The mathematics of general relativity is more intricate, I would say, but conceptually the idea of curved spacetime is easier to grasp.
That was my experience, anyway. Of course, once you get into more advanced particle physics all bets are off.
MattF said,
July 11, 2017 @ 9:44 am
@David L
I disagree with your disagreement. For example, non-locality and 'entanglement' in QM is a fairly basic feature of the mathematics of multi-particle wavefunctions, but is considered by many to be a deep mystery. So, which is it? Basic or mysterious?
I agree that single-particle QM is… relatively straightforward, if that's what you mean by 'basic'.
Mara K said,
July 11, 2017 @ 10:21 am
@David Scientists and the public understand what is difficult differently–for the public, it's not about math at all. Relativity is easily explained by, for example, talking about how fast a clock runs under a particular acceleration, or the moderately frightening "guillotines on a train tunnel" analogy. We've sent humans into space, we can understand the twin paradox. We've seen kids on a trampoline, we can understand curved spacetime.

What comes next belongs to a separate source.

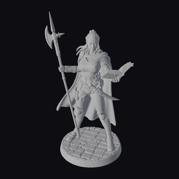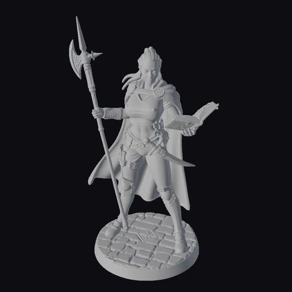 This meticulously crafted model showcases a female warrior with striking green skin, posed dynamically on a detailed stone base. Her dark hair is styled in a half-ponytail, framing her determined expression. She wears a white cropped top, dark pants, and armor, complemented by a flowing red cape with gold accents. In one hand, she holds a large, intricately designed axe, while the other grasps an open, ancient-looking book. The model’s textures and lighting accentuate her muscles and the intricate details of her attire and weapons. Ideal for use in games, 3D printing, VR/AR experiences, animation, and design projects, this model brings a unique blend of strength and intellect to any project.

The problem with explaining quantum mechanics using similar analogies is that they really don't map onto what's really going on. Light is made of tiny ball bearings…that simultaneously diffract like water waves? You can't know where something is and how fast it's going at the same time? But…my car has GPS! And how can a thing be spinning but not actually spinning? The macro analogies create more confusion than they resolve, such that the only way a non-mathematician has of understanding quantum mechanics is to enter a Daoist-like transcendent state of rejecting the concept of duality altogether. And that's where the woo comes from: the people who really do understand it start to sound like Laozi, so people who want to get rich off pretending to be Laozi feel comfortable ripping them off.
A. said,
July 11, 2017 @ 10:43 am
@David L: I agree about non-relativistic quantum mechanics, but quantum field theory should be at least as far right as fluid dynamics.
David L said,
July 11, 2017 @ 10:47 am
MattF and Mara K: I didn't make myself clear, I think. I agree that quantum mechanics is hard to understand at a conceptual level — waves vs particles, entanglement, all that stuff. My point is that the difficulty of understanding has no connection, IMO, to the sophistication of the mathematics involved. Or to put it the other way around, you can master all the intricacies of quantum mechanics in a mathematical way (Hilbert spaces, matrix mechanics) and still be befuddled by the conceptual difficulties.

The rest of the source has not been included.